LGAINov 10, 2025

ML-EcoLyzer: Quantifying the Environmental Cost of Machine Learning Inference Across Frameworks and Hardware

arXiv:2511.06694v1h-index: 4
Originality Incremental advance
AI Analysis

This work addresses the environmental sustainability of ML inference for researchers and practitioners, providing a tool for better model selection, though it is incremental in applying existing measurement techniques to a broader scope.

The paper tackles the problem of quantifying the environmental impact of machine learning inference by introducing ML-EcoLyzer, a tool that measures carbon, energy, thermal, and water costs across various hardware and frameworks, and demonstrates that quantization improves efficiency while large accelerators can be inefficient for lightweight tasks.

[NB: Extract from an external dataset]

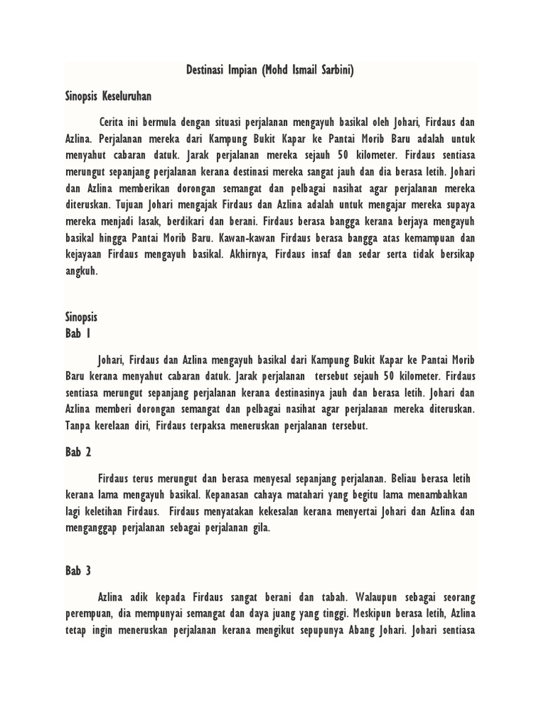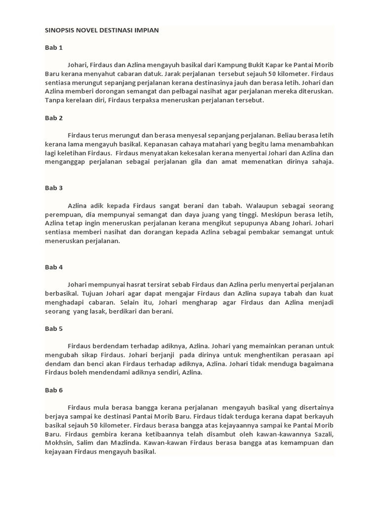 Sinopsis Novel Tingkatan 1 Sinopsis Novel Destinasi Impian Johari Azlina dan Firdaus telah menyahut cabaran datuk mereka untuk melakukan ekspedisi berbasikal dari Klang ke Morib. Firdaus seorang individu yang berada dalam keadaan dicabar dan mencabar. Program Bahasa Melayu Edubest - Analisis Novel SM1-1.

Machine learning inference occurs at a massive scale, yet its environmental impact remains poorly quantified, especially on low-resource hardware. We present ML-EcoLyzer, a cross-framework tool for measuring the carbon, energy, thermal, and water costs of inference across CPUs, consumer GPUs, and datacenter accelerators. The tool supports both classical and modern models, applying adaptive monitoring and hardware-aware evaluation. We introduce the Environmental Sustainability Score (ESS), which quantifies the number of effective parameters served per gram of CO$_2$ emitted. Our evaluation covers over 1,900 inference configurations, spanning diverse model architectures, task modalities (text, vision, audio, tabular), hardware types, and precision levels. These rigorous and reliable measurements demonstrate that quantization enhances ESS, huge accelerators can be inefficient for lightweight applications, and even small models may incur significant costs when implemented suboptimally. ML-EcoLyzer sets a standard for sustainability-conscious model selection and offers an extensive empirical evaluation of environmental costs during inference.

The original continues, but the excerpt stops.